アドルフ・ヒトラー(Adolf Hitler)
 1889.4.20〜1945.4.30。オーストリア出身。
 少年の頃から画家になることを志し、ウィーンに出て画学学校を2度受験するが失敗する。一時浮浪者となっていたが、その後ドイツに移り、ミュンヘンに住む。第1次世界大戦にはドイツ帝国軍兵士として参戦。戦後、ミュンヘンに戻り共産党などにも関わるが、大ドイツ民族主義に傾倒。1919年ドイツ労働者党に入党した。アジテーションなどで活躍し、20年国家社会主義ドイツ労働者党(NAZIS)と改編し、21年党首となる。23年10月ミュンヘンで反乱を起こすが失敗。懲役5年の判決となる。獄中で「我が闘争」を書いた。この頃既に名を知られており、24年には釈放され、合法主義に転換。大衆運動を起こし、32年の総選挙で国民議会第一党となる。33年1月組閣し首相。

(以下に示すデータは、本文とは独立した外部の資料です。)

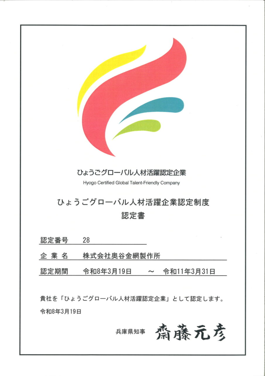 お知らせ 金網製品一覧 織金網 平織金網 平織金網網目一覧表 綾織金網 綾織金網網目一覧表 特殊線材メッシュ網目一覧 マグネステン®金網 マグネステン®金網網目一覧表 平畳織金網 綾畳織金網 クリンプ織金網 ロッククリンプ織金網 フラットトップ織金網(滑面式金網) トンキャップ織金網(長目金網) タイロッド織金網 振動篩用金網について JIS試験用ふるい ワイヤーネットコンベヤー 菱形金網 亀甲金網 装飾用織金網 ワイヤーゲージ(線番) 織金網加工品 パンチングメタル(打抜金網) 金型パターン 在庫リスト 造粒機及び粉砕機用 遠心分離機用 スーパーパンチング™SUPER PUNCHING™ スーパーパンチング™標準金型リスト スーパーパンチング™在庫リスト ODSサニタリーストレーナー™ 二相ステンレス鋼パンチングメタル™ 耐摩耗鋼板HARDOX® エンボス・ディンプル加工 樹脂パンチング™(プラスチックパンチング) セレクト カラー・サイズ樹脂パンチング™(PVC)オーダーシート CFRTP(炭素繊維強化熱可塑性樹脂)パンチング™ 大開孔率パンチング™(X-OPEN AREA PUNCHING) C.G.P/コンピューターグラフィックパンチング 開孔率自動計算(%) 重量自動計算(kg) パンチングメタル加工品 エキスパンドメタル・グレーチング エキスパンドメタル CFRTP EXメッシュ『CF TON』 グレーチング ワイヤーメッシュデミスター・充填物 ワイヤーメッシュデミスター 蒸留用填充物 デミスター加工品 溶接金網・ファインメッシュ 溶接金網 ファインメッシュ ファインメッシュ加工品 微細孔加工・放電加工 電子ビームドリル加工 EBD電子ビームドリル加工 参考データ 多軸同時・微細ドリリング・ルーター・ザグリ加工(金型レス) レーザースクリーン 再生プラスチック用 再生プラスチック用レーザーフィルター 造粒機用消耗部品 粉砕機用消耗部品 ウェッジワイヤースクリーン 業界・用途機能・製品検索 プラント 用途を選択 分離 滑り止め 摺動性 洗浄 保護 生産の効率化 補強 ふるい分け・選別 搬送 採光 整流・乱流 磁性 放熱・排熱 型付け 錆から守る 鉄鋼 用途を選択 分離 滑り止め 洗浄 保護 生産の効率化 補強 ふるい分け・選別 搬送 採光 磁性 受ける 錆から守る 鉱業 用途を選択 分離 滑り止め 摺動性 洗浄 保護 生産の効率化 補強 ふるい分け・選別 搬送 磁性 受ける 錆から守る 機械・造船 用途を選択 分離 滑り止め 摺動性 洗浄 保護 生産の効率化 ふるい分け・選別 搬送 整流・乱流 磁性 放熱・排熱 型付け 調理(揚げ・蒸し) 受ける 押出し成型 錆から守る 減少させる(音・光等) 自動車 用途を選択 分離 洗浄 保護 装飾 生産の効率化 搬送 整流・乱流 放熱・排熱 錆から守る 電機・電子部品 用途を選択 分離 摺動性 洗浄 保護 装飾 生産の効率化 ふるい分け・選別 搬送 放熱・排熱 型付け 錆から守る 航空宇宙 用途を選択 分離 洗浄 保護 生産の効率化 補強 整流・乱流 放熱・排熱 錆から守る 薬品 用途を選択 分離 摺動性 洗浄 保護 生産の効率化 ふるい分け・選別 搬送 整流・乱流 磁性 放熱・排熱 受ける 押出し成型 錆から守る 化学 用途を選択 分離 摺動性 洗浄 保護 生産の効率化 ふるい分け・選別 搬送 整流・乱流 磁性 放熱・排熱 受ける 押出し成型 錆から守る 食品 用途を選択 分離 滑り止め 摺動性 洗浄 保護 生産の効率化 ふるい分け・選別 搬送 整流・乱流 磁性 放熱・排熱 型付け 調理(揚げ・蒸し) 受ける 押出し成型 錆から守る 飲料 用途を選択 分離 滑り止め 摺動性 洗浄 保護 生産の効率化 ふるい分け・選別 搬送 整流・乱流 磁性 放熱・排熱 受ける 錆から守る 農業 用途を選択 分離 摺動性 洗浄 保護 生産の効率化 ふるい分け・選別 搬送 採光 受ける 錆から守る 環境 用途を選択 分離 滑り止め 摺動性 洗浄 保護 生産の効率化 ふるい分け・選別 搬送 磁性 受ける 錆から守る エネルギー 用途を選択 分離 摺動性 洗浄 保護 生産の効率化 補強 ふるい分け・選別 搬送 整流・乱流 放熱・排熱 錆から守る 水処理 用途を選択 分離 滑り止め 摺動性 洗浄 保護 生産の効率化 ふるい分け・選別 整流・乱流 磁性 受ける 錆から守る リサイクル 用途を選択 分離 滑り止め 摺動性 洗浄 保護 生産の効率化 ふるい分け・選別 搬送 整流・乱流 磁性 受ける 押出し成型 錆から守る 建築・土木 用途を選択 分離 滑り止め 摺動性 保護 装飾 生産の効率化 補強 ふるい分け・選別 搬送 採光 放熱・排熱 受ける 錆から守る 減少させる(音・光等) 電子カタログ 注文見積り お問い合わせ 採用情報 会社概要 Home > お知らせ 2026.02.24 社内イベント 2026年2月14日(土)グランフロント大阪にて開催された『マイナビ転職フェア』に参加しました! 2026.01.20 社内イベント 2025年1月16日(金)に神戸サンボーホールにて開催された ㈱学情・神戸市主催:合同就職説明会『KOBE就職・転職フェア』に参加しました。 2026.01.20 お知らせ 2025年12月2日付 韓国国内向けの「SUPER PUNCHING」(ロゴ)が韓国にて商標登録されました! 2026.01.19 社内イベント 2026年1月17日(土) 第32回 マネジメントレビューが明石工場にて開催され

英雄ヒンデンブルク大統領が死去すると、独裁体制を目指し、34年8月国防軍総司令官。36年非武装地帯となっていたラインラントに進駐。またベルリンオリンピックを演出した。38年オーストリアを併合。英・仏・イタリアとミュンヘン協定を成立させこれを認めさせた。39年独ソ不可侵条約を締結すると、ポーランドに侵攻。第2次欧州大戦を引き起こす。ポーランドに続き、ベネルックス3国、さらにはフランスに侵攻し、電撃作戦を展開して勝利を得た。が、ソビエトに侵攻後、スターリングラードの攻防戦で敗北。連合軍の大反攻で各地で敗退した。ソビエト軍が迫る中45年4月30日、首相官邸の地下壕で、前日に結婚した愛人エバ・ブラウンと自殺した。